> _INPUT RECORDS_
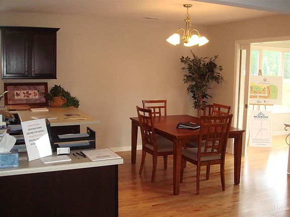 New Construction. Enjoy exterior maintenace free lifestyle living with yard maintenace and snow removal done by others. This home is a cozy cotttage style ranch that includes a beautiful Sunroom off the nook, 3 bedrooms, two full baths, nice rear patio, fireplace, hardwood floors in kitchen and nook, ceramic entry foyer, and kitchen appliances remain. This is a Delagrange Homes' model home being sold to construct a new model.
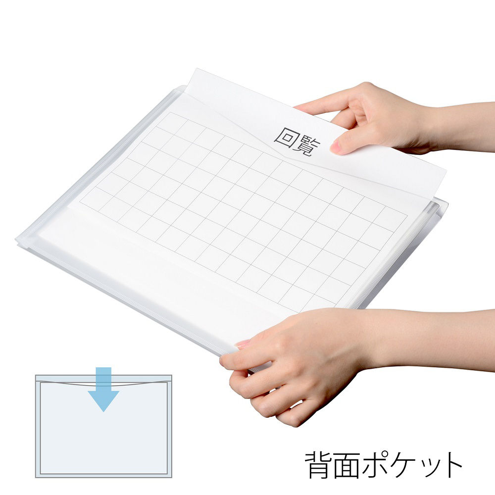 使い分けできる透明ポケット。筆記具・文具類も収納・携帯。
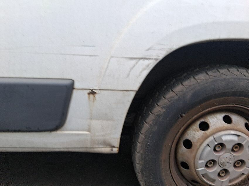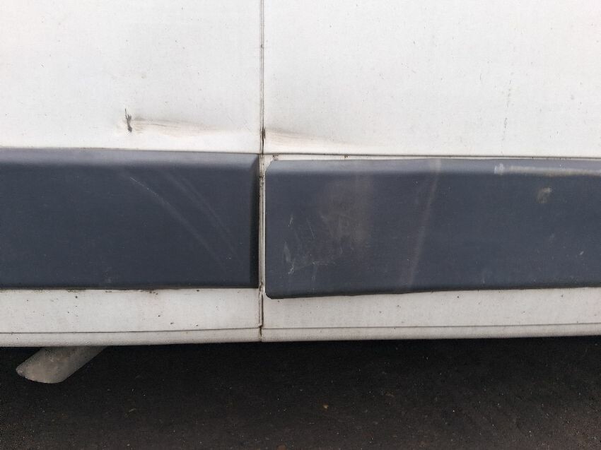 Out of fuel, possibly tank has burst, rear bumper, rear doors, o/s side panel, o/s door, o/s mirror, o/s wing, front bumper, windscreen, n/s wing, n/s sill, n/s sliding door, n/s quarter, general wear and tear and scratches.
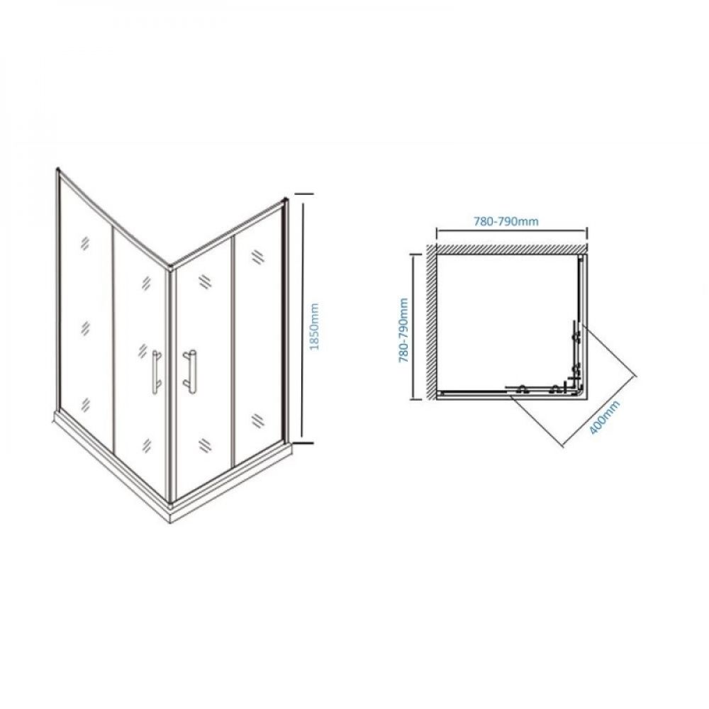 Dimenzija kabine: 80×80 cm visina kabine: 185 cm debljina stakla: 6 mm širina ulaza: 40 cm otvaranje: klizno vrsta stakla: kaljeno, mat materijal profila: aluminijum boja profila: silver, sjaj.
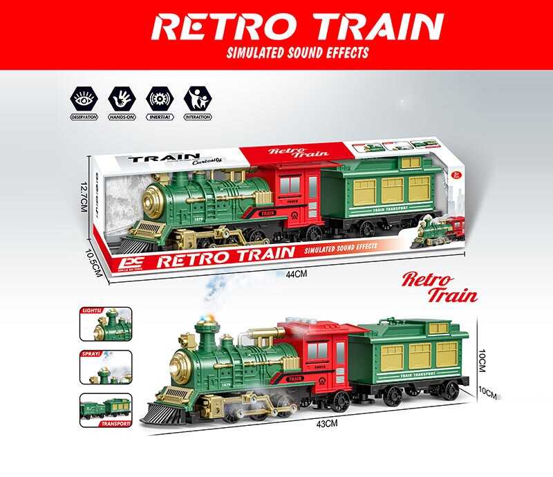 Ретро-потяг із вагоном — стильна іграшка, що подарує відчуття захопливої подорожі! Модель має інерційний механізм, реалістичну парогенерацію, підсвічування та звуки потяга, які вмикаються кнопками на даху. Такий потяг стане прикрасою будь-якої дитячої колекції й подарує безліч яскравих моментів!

--

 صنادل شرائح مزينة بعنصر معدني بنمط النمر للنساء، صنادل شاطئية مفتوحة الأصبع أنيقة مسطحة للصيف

--

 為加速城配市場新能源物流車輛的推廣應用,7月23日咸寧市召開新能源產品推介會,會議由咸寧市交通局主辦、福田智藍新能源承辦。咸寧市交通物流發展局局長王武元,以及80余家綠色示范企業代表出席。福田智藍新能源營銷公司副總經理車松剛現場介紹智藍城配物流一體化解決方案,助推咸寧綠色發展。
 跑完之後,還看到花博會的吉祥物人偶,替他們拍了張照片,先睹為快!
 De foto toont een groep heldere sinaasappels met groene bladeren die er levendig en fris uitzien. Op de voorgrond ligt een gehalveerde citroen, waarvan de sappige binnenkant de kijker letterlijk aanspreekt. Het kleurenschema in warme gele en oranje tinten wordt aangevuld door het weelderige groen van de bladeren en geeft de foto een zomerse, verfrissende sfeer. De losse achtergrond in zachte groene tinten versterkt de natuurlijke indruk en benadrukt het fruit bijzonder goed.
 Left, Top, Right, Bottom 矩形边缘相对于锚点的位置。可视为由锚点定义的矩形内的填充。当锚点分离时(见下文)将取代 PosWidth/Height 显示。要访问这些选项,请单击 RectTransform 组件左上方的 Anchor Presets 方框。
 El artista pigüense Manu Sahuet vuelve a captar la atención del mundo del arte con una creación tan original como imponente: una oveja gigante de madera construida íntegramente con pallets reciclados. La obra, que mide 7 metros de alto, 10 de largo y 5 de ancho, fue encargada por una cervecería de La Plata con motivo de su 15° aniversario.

> _TASK DETAILS_
Look back over the records above. Reproduce exactly everything from the line with "Out of fuel, possibly" down to the line with "Dimenzija kabine: 80×80", inclusive, and leave the pictures out.

> _COMPLETED EXERCISE_
 Out of fuel, possibly tank has burst, rear bumper, rear doors, o/s side panel, o/s door, o/s mirror, o/s wing, front bumper, windscreen, n/s wing, n/s sill, n/s sliding door, n/s quarter, general wear and tear and scratches.
 Dimenzija kabine: 80×80 cm visina kabine: 185 cm debljina stakla: 6 mm širina ulaza: 40 cm otvaranje: klizno vrsta stakla: kaljeno, mat materijal profila: aluminijum boja profila: silver, sjaj.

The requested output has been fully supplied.